The reality is that I don’t regret anything. I could regret my stupidity and ignorance, but such are the wages of genuine understanding. One must be wrong before one is right. My own goal in my short life is to understand the world as it is, not as I would wish it to be. Wishes are all fine & good, but the great accomplishments of human intellectualism are systems of the world which map onto that world, not systems of the world which construct mythical conceptual superstructures. I try vainly to swim against the superstitions of the age, though no doubt I am subject to many myself. I would hope to god that my daughter does not fall into the pattern of intellectual idolatry, bowing down before false propositions hoping for the adulation of social superiors and the validation of one’s peers. This blog is a testament to my own attempt to live that.
So where now? I have a whole “offline” life obviously, family, friends, academic pursuits. But in many ways I believe that this blog always was, even before it came into being. I spent the first quarter century of my life in internal monologue, struggling with ideas which I encountered in my reading, occasionally bursting forth on Usenet, or making a scene at a party, verbally bludgeoning someone or overwhelming them with a tsunami of fact (I try and maintain silence when I am ignorant, masking my deficiencies). Though it started as a hobby which I adopted in an absence of mind, it’s become a rather important extension of my life. This obviously does not mean it is my exclusive life, as some readers have mistakenly assumed because I omit many personal details (though if you follow my Pinboard feed you will notice that over the past year I was bookmarking many articles on fertility and pregnancy!). No matter my own personal evolution, I see no reason why the blog should not continue being an important outlet for my own thought. I’ve long ago stopped giving specific expiration dates for the blog. I’m not close to feeling burned out, and I kept posting even on the edge of exhaustion 7 months ago.
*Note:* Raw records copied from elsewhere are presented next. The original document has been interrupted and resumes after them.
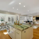 The well-appointed, fully upgraded kitchen, with a sun-drenched breakfast nook, has undergone a stunning transformation, featuring high-end appliances, dramatic quartzite countertops, an oversized center island, with room for seating, and ample storage.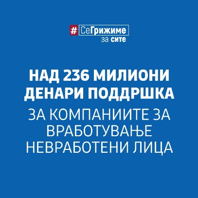 Masat aktive për punësim hapin vende pune edhe në kushte të krizës shëndetësore – ekonomike, e shkaktuar nga COVID-19. Me ndihmë financiare për punësimin e personave të papunë në vlerë mbi 236 milionë denarë, janë mbështetur 1.223 vende të reja pune. Plani operativ i punësimit edhe në këto kushte jashtëzakonisht të vështira, dëshmon të jetë një kornizë funksionale për hapjen e vendeve të reja të punës, i cili e zbutë me sukses krizën dhe e lehtëson rimëkëmbjen e ekonomisë.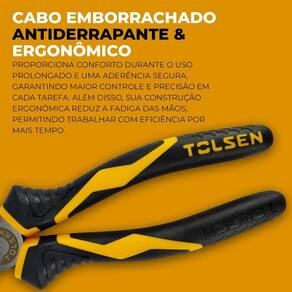 O alicate universal de 8" da TOLSEN é uma ferramenta robusta e versátil, essencial para uma ampla variedade de projetos profissionais e domésticos. Construído em aço de alta qualidade, este alicate oferece durabilidade e resistência para lidar com trabalhos exigentes. O cabo emborrachado proporciona conforto durante o uso prolongado e uma aderência segura, garantindo maior controle e precisão em cada tarefa. Além disso, sua construção ergonômica reduz a fadiga das mãos, permitindo trabalhar com eficiência por mais tempo. Uma característica importante deste modelo é o cortador lateral para arame, que oferece conveniência adicional ao realizar cortes rápidos e precisos de arames de diferentes espessuras. Essa funcionalidade torna o alicate ainda mais versátil e adequado para uma variedade de aplicações. Com sua ponta chata e mordida estriada, o alicate universal de 8" da TOLSEN é ideal para apertar, dobrar chapas e fios com facilidade e precisão. A abertura circular estriada no meio do alicate proporciona uma aderência firme em parafusos e dutos, garantindo um trabalho seguro e eficiente. A lâmina de corte afiada, permite cortar arames e fios finos e médios com facilidade, oferecendo maior praticidade e versatilidade em uma única ferramenta.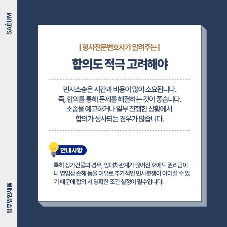 합의는 단순히 비용과 시간을 절약하는 데 그치지 않고, 장기적인 법적 리스크를 줄이는 데에도 효과적입니다. 특히 상가건물의 경우, 임대차관계가 끊어진 후에도 권리금이나 영업상 손해 등을 이유로 추가적인 민사분쟁이 이어질 수 있기 때문에 합의 시 명확한 조건 설정이 필수입니다.

I hope soon to get a better sense of my time management issues. This year was rather difficult for me for reasons you can guess (I was preparing for my impending fatherhood), and others which I haven’t talked about online, though which my friends in “real life” are probably sick of hearing about. I just didn’t have the time to engage in “deep dive” analyses of papers which were such a joy for me in the past. I also plan to reboot my “genome blogging,” and see if I can discover something that Dienekes and Zack haven’t already touched upon.
Unlike Ed or Carl I am not a writer by inclination. In other words, expect more of the same, an idiosyncratic and sui generis engagement with the material, with no great pretense toward caring about intelligibility for the “person the street.” I find wrestling with reality so as to get a good grip upon it incredibly hard. I welcome fellow sojourners in this exhausting task, but I don’t have much patience or inclination to hand-hold. This is a brutal enterprise, where failure is most of the game. You will know that I’m “phoning it in” when you notice that I don’t verbally abuse commenters who verge on non-sentient. I only attack because I care.